Alison Dos Santos Dethrones Carsten Warholm, Jake Wightman Shocks Jacob Ingebrigtsen

Alison Dos Santos Dethrones Carsten Warholm, Jake Wightman Shocks Jacob Ingebrigtsen

Alison dos Santos ended Carsten Warholm’s reign as handicap king at the world championships on Tuesday, while Britain’s Jake Whitman won his country’s first 1500m gold in 39 years on a day of upset. Warholm broke a 29-year-old world record to win the 400m hurdles in a time of 45.94 seconds at the Tokyo Games in what may be one of the most iconic moments in Olympic history. But the 26-year-old came to Eugene with a hamstring injury that eventually paid off in his medal effort here. Instead, dos Santos won the gold medal by setting the third-fastest time ever and a championship record of 46.29 seconds, ahead of Americans Rae Benjamin and Trevor Bassett.

Dos Santos said, “It’s great to win the world title on this track. I didn’t care about the timing because it’s the first time I’ve won a world title.”

Warholm took the lead coming straight home, but seized badly and eventually came in seventh (48.42), breaking a 22-race winning streak, including 18 finals, that returned in September 2018.

“It was a very tough race,” Warholm said. “I was hurt but for me it’s always your fight and give your all and leave it on track.

“I thought I did it.
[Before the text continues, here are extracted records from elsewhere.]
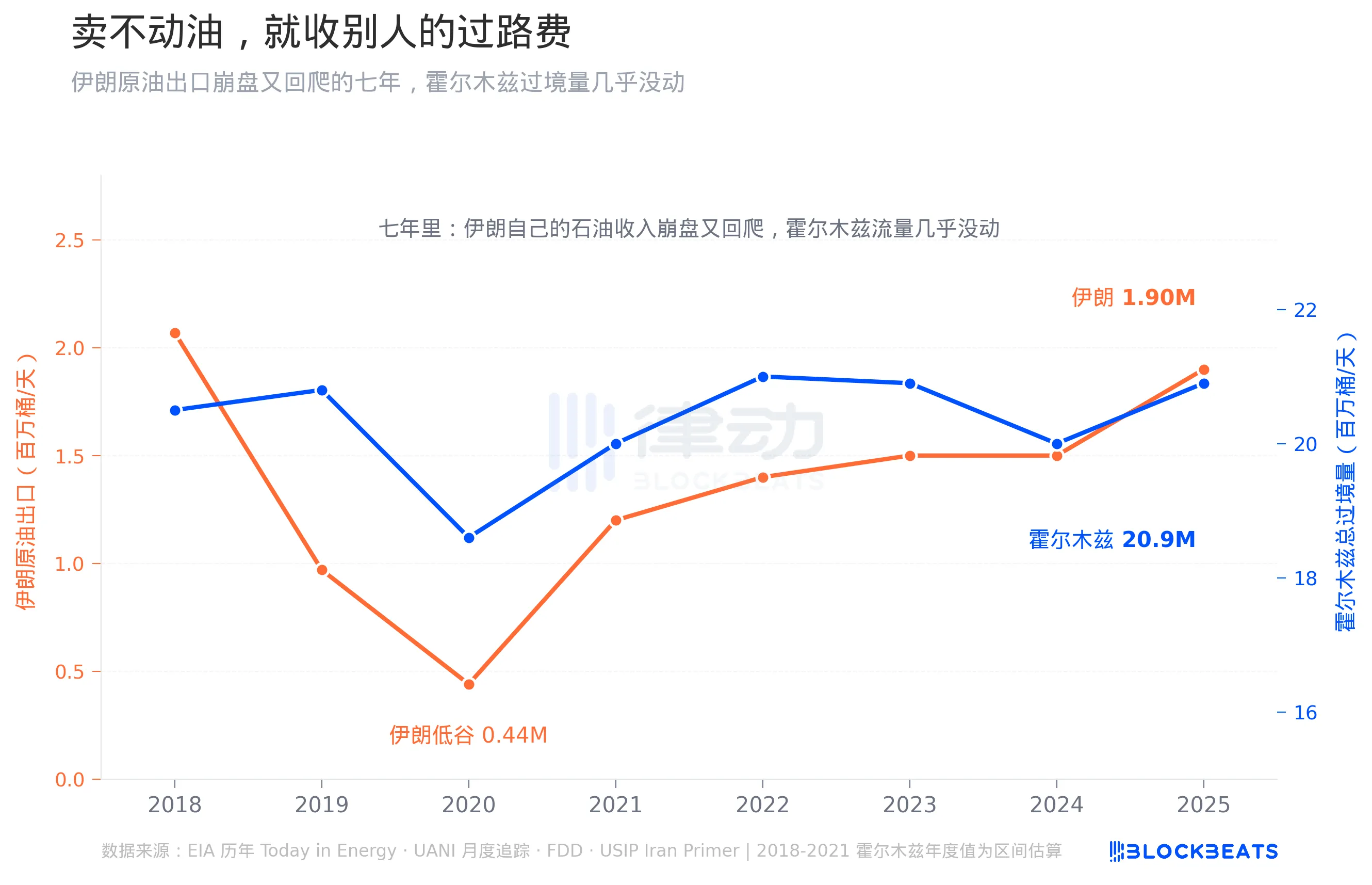 The right axis is the total transshipment volume of the same waterway. According to EIA's annual reports, it was 20.5 million barrels per day in 2018, 21 million barrels in 2022, 20 million barrels in 2024, and 20.9 million barrels in the first half of 2025. Over seven years, Iran's own oil has been decreasing from its doorstep, but not a single barrel less has been taken from the neighbor's house. To Iran, this waterway has always been "others' business, my gateway."
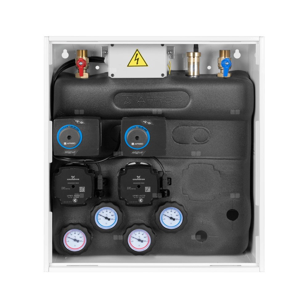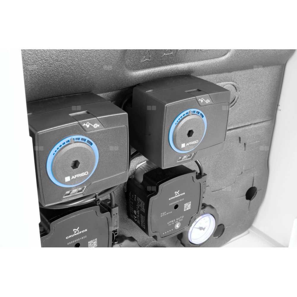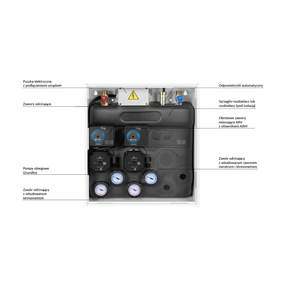 Wyposażony w pompy Grundfos UPm³ i zawory obrotowe z siłownikami elektrycznymi ARM 141.
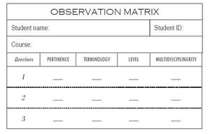 - análise e avaliação das questões realizadas pelos alunos durante a utilização de uma rede social como promoção e incentivo ao questionamento num contexto específico. Existem diversos estudos que utilizam ferramentas online, nomeadamente redes sociais para promover o questionamento dos alunos. Os autores consideram que uma forma de promover um maior número de questões, a realizar por cada aluno, é utilizando uma ferramenta online (Neri de Souza e Moreira, 2009). Desta forma, existem vários estudos que utilizam diferentes critérios para a avaliação das questões, como podemos verificar na imagem que se segue. A imagem mostra uma matriz de observação das questões realizadas, através da análise de quatro dimensões, que os autores consideraram pertinentes para o seu estudo (Canella, Ciancimino e Campos, 2010):
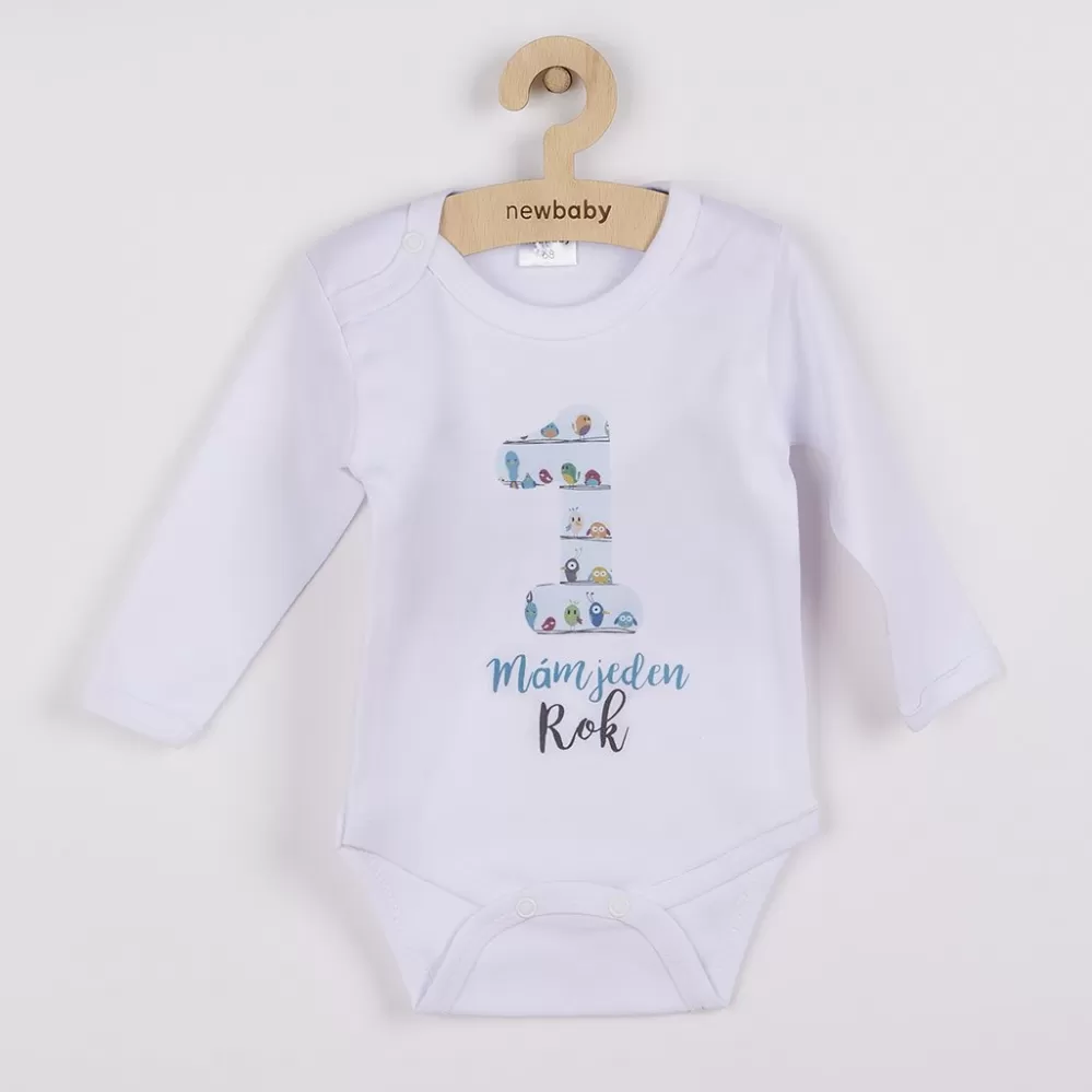 Originálne bavlnené dojčenské body s dlhým rukávom New Baby, s krásnym obrázkom veľkej jednotky a nápisom Mám jeden Rok. Farby použité na potlač sú… Celý popis
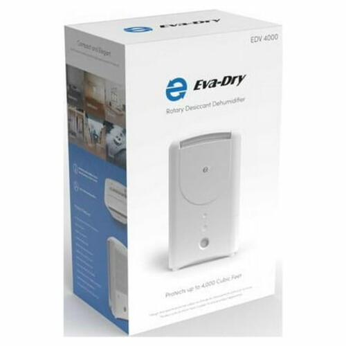 The EDV-4000 is the first home/office dehumidifier to use innovative rotary desiccant technology. This technology allows for high-volume dehumidification without requiring a compressor. It is safer than compressor-based systems and designed for low-maintenance operations. This dehumidifier effectively removes moisture from the air even in low temperatures (34 degrees F. - 104 degrees F.). The Eva-Dry 4000 dehumidifier is effective in medium to larger spaces up to 4000 cubic feet, including large closets, bedrooms and baths, cabins, large RVs, boats, basements, and offices.
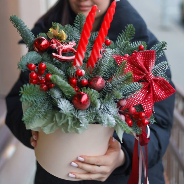 Композиция нобилиса, декоративных игрушек и свечей в шляпной коробке.
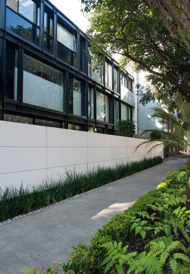 Al reto de resolver los diversos programas se le sumaron las restricciones del uso de suelo que exigían un remetimiento en fachada para poder dar uso al 4to nivel, en el cual la geometría de la cubierta a 30 grados -parcialmente acristalada- solucionó efectivamente la normativa y añadió una espectacular entrada de luz natural a los departamentos.
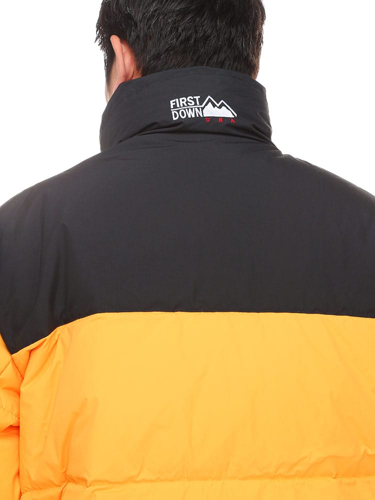 FIRST DOWNを象徴するバブルダウンジャケットの表地を超軽量素材に変更したイノベーションモデル。90年代を彷彿とさせるPOPなカラーバリエーション。付属のパッカブル袋に収納可能。超軽量10デニール高密度ナイロンを使用。撥水機能に優れており、柔らかな質感が特徴。静電防止加工した20デニールの高密度ナイロンを使用。生地とダウンの相性が良く、ボリュームのあるロフト感で体を包み込むような着心地。ダウン90%フェザー10%のホワイトダックダウンを使用。最適なボリュームを計算し、""着心地""に特化したダウン量を充填。トレーナーやパーカーなどカジュアルアイテムに合わせやすく、ワイドデニムパンツとの相性も良い。気軽に羽織れるワンマイルウェアとしても最適な1枚。

I hope, looking back, even if I choose to take a medal, I’ll be proud of that.”

While everyone knew Warholm was coming back from injury, serious hopes were pinned on Jacob Ingebrigtsen, Olympic champion in the men’s 1500 metres.

But Whitman hadn’t read the script, playing the Norwegian in his own game, kicking the 200m and keeping his form on the line.

Wightman won in 3:29.23, Ingebrigtsen took the silver in 3:29.47, with Spaniard Mohamed Katir claiming the bronze (3:29.90).

family matter

In a bizarre twist, Whitman’s father Geoff is doing commentary at the stadium in Eugene.

Geoff, also his son’s coach, was reduced to a crackling voice as he announced to Hayward Field: “This is my son and he is the world champion.”

β€œFor him to be a part of my journey to get to this point, and really be part of the actual race, is so irresistible,” Wightman said of his father.

“I talked to him and he’s overjoyed. I’m glad he showed some emotion.”

After failing to win the world title after Olympic gold medalists from Norway were 2019 champions Daniel Stahl, Sweden eventually finished fourth in the discus.

Australian Eleanor Patterson won the high jump gold medal in the fourth final of the night with 2.02m on the countdown from Ukraine’s Yaroslava Mahuchikh, with Italian Elena Velortigara taking the bronze.

“I’m honestly speechless right now,” Patterson said later. “Smiling makes my cheeks ache.”

200m. out of Kerala

New 100m champion Fred Carey failed to advance past the 200m semi-finals even in the fifth day of action at the World Champions.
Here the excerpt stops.